On a secondary level, his parochial indignation as a Homicide detective aside, Jason Washington had thought that he understood The Dago’s game plan, and that it would work. The Dago had turned out to be a better politician than anyone ever thought he would be.
Jason Washington and Jerry Carlucci went way back together. Carlucci had done a year in Homicide as a lieutenant, before he passed the captain’s examination and moved to Highway Patrol. It was only fair to acknowledge that Carlucci had been a good lieutenant—he had been an all around good cop, no one ever denied that—one proof of which being that even back then he had been smart enough to exercise only the barest minimum of supervision over Detective Jason Washington.
When, rarely, they bumped into each other, Washington could count on a bear hug and being greeted either by his Christian name or as “Ol’ Buddy,” or both. Jason Washington, who did not like to be hugged by anyone except his wife and daughter, and disliked being called “Ol’ Buddy” by anyone, always smiled and referred to The Dago as “Mr. Mayor.”
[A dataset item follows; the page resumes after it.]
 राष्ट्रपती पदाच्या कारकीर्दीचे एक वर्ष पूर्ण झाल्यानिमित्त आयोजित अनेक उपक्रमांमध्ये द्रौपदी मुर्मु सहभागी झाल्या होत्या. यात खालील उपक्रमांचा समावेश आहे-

The way Washington had seen the assignment of the Nelson job to Special Operations seemed to make sense. Carlucci had just set up Special Operations. It was his. What had become a big deal murder in the newspapers, because of the victim, was actually just a routine homicide. The odds were that the job would be
closed in a week or two by Homicide. But that would not earn The Dago any favorable space in the newspapers. That’s what Homicide was supposed to do, solve homicides.
But if Jerry Carlucci’s Special Operations solved the Nelson job, His Honor the Mayor could, and would, claim the credit.
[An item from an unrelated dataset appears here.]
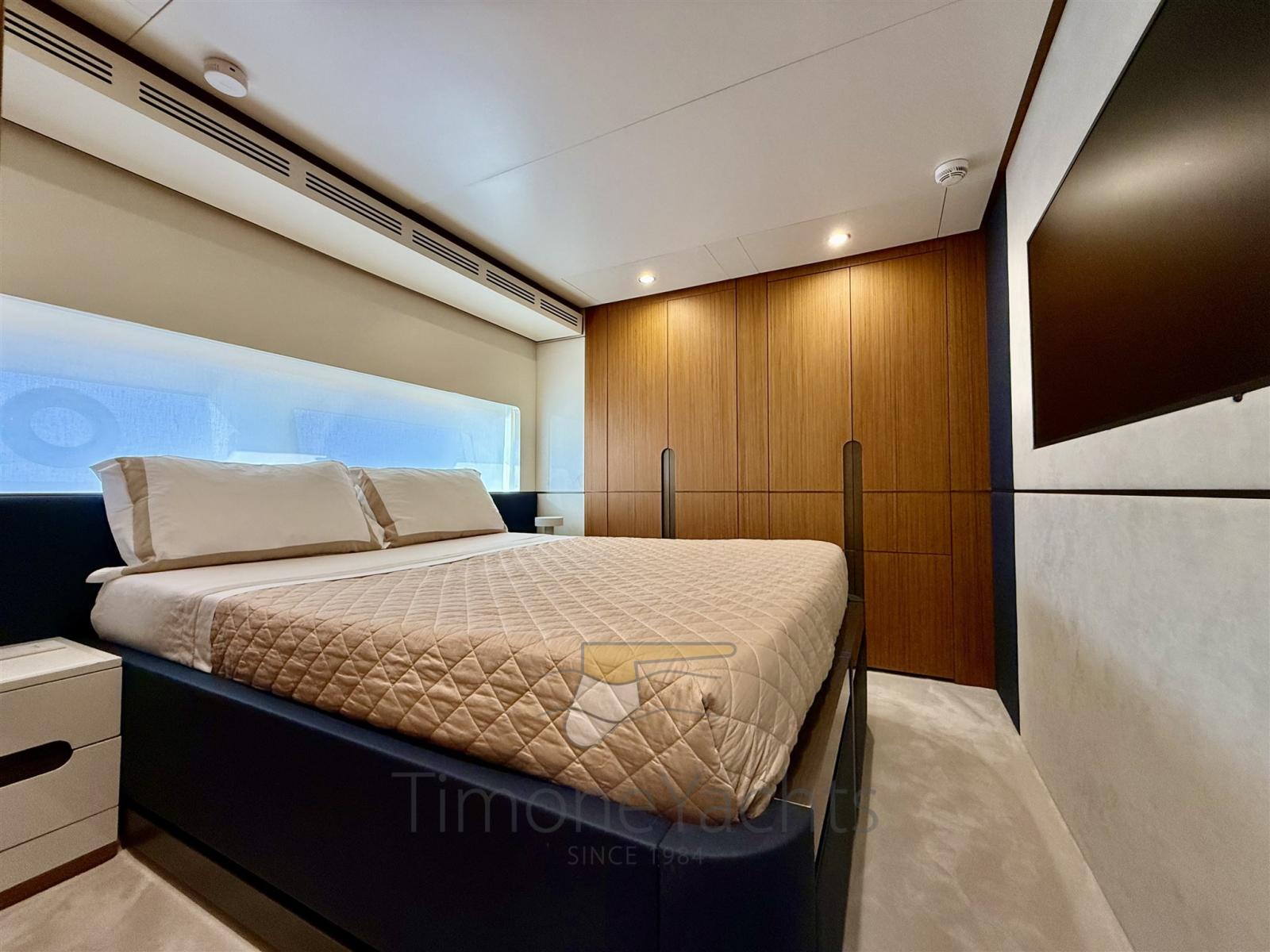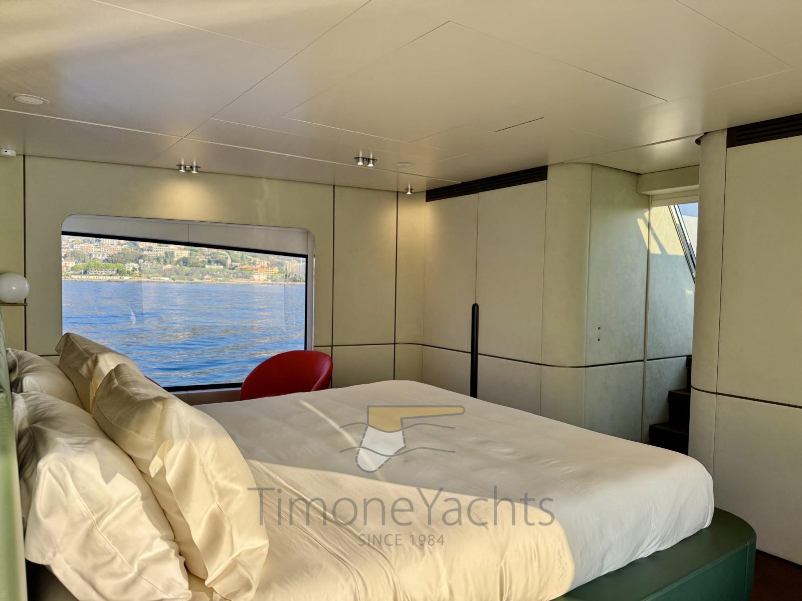Three stabilizers: Seakeeper gyro, fins (underway + zero speed).. and the third one? That's in the master cabin where, well yes, the master bed is anti-rolling stabilized too.

And Washington had seen that The Dago had carefully hedged his bet: Special Operations was commanded by Peter Wohl, who not only had been a sergeant in Homicide, but was, in Washington’s judgment (and that of a lot of other knowledgeable people), one of the smartest cops in the Department. Before The Dago had formed Special Operations and given it to Peter Wohl, Wohl had been the youngest (ever) staff inspector in the department.
Staff inspectors ranked immediately above captains. With the exception, now, of Wohl, they operated within the Internal Affairs Division, and were charged with, primarily, investigations of corruption within and outside the Police Department. Wohl, just before being given Special Operations, had sent two judges and a city councilman to the state penitentiary for some rather imaginative income augmentation.
Washington had reasoned that Carlucci had decided that Wohl would have no trouble finding who had punctured Jerome Nelson so thoroughly, and that Special Operations—thus the mayor—would get the credit.
Washington had underestimated both Carlucci and Wohl. To make sure that Wohl did indeed catch the critters who had punctured Nelson with his own imported butcher knives, he gave him blanket authority to transfer to Special Operations anybody he thought he needed. Wohl had immediately decided that he needed Detectives Washington and Harris, and over howls of protest from the chief inspector of the Detective Division, the commanding officer of the Homicide Bureau, and Detectives Harris and Washington, they had been transferred to Special Operations.
Wohl was not only a good cop, but a good guy, and he had assured both Washington and Harris that he would see they could make as much overtime money as they had in Homicide, and done other things to soothe their ruffled feathers. They would work directly for him (and his deputy, Captain Mike Sabara) rather than under some sergeant, and had even arranged for the both of them to draw brand-new cars (normally reserved for at least captains) from the Police Garage.